Segment Open

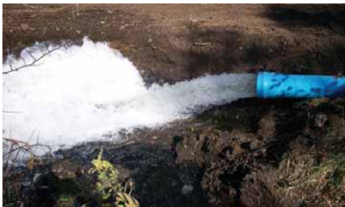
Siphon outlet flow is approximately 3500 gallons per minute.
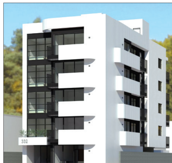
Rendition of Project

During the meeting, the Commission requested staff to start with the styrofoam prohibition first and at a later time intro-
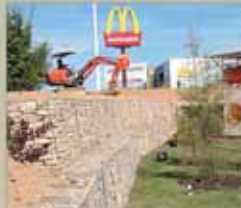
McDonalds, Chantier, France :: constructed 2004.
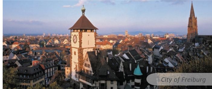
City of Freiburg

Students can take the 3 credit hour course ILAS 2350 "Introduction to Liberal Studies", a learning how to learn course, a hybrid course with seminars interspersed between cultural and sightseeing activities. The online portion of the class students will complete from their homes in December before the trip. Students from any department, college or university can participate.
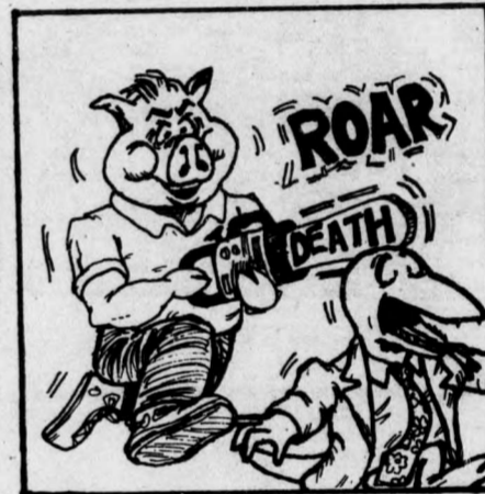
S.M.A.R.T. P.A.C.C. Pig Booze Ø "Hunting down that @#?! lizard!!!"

Segment Closed
Segment Open

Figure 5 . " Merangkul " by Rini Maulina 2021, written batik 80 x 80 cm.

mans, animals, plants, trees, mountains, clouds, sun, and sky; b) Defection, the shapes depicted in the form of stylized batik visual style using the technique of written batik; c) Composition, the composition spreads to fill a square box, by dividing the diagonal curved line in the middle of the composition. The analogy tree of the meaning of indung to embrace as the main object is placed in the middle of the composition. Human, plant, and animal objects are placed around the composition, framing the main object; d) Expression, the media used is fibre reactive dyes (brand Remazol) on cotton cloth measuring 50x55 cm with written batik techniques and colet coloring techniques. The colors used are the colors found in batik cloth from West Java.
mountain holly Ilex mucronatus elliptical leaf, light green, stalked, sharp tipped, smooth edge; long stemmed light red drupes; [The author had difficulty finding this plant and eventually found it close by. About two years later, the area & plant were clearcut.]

Segment Closed
Segment Open

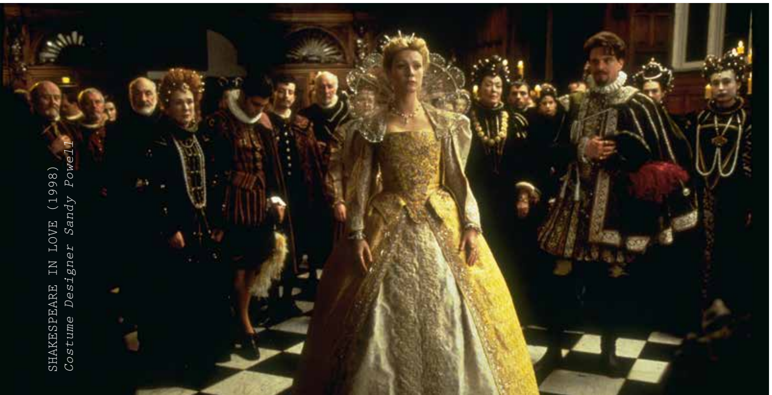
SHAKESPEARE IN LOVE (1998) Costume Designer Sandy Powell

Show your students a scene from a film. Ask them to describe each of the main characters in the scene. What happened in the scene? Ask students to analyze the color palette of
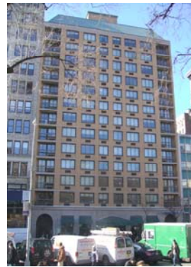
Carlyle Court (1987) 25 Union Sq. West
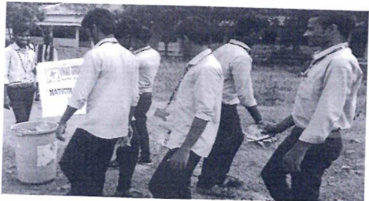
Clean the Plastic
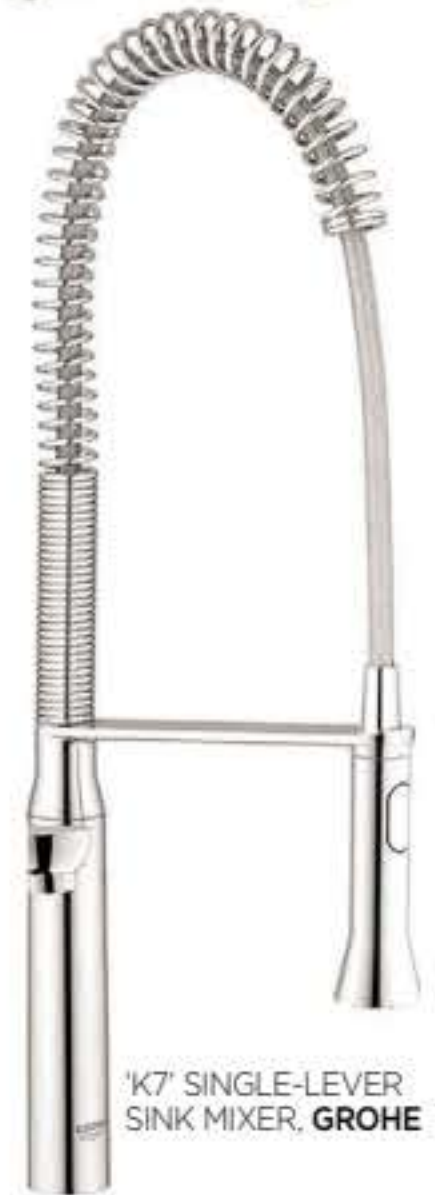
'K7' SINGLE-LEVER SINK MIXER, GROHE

Segment Closed

**INSTRUCTIONS TO FOLLOW**.
Gather from the entries above all lines that include the string "West".

**TASK RESPONSE**.
mans, animals, plants, trees, mountains, clouds, sun, and sky; b) Defection, the shapes depicted in the form of stylized batik visual style using the technique of written batik; c) Composition, the composition spreads to fill a square box, by dividing the diagonal curved line in the middle of the composition. The analogy tree of the meaning of indung to embrace as the main object is placed in the middle of the composition. Human, plant, and animal objects are placed around the composition, framing the main object; d) Expression, the media used is fibre reactive dyes (brand Remazol) on cotton cloth measuring 50x55 cm with written batik techniques and colet coloring techniques. The colors used are the colors found in batik cloth from West Java.
Carlyle Court (1987) 25 Union Sq. West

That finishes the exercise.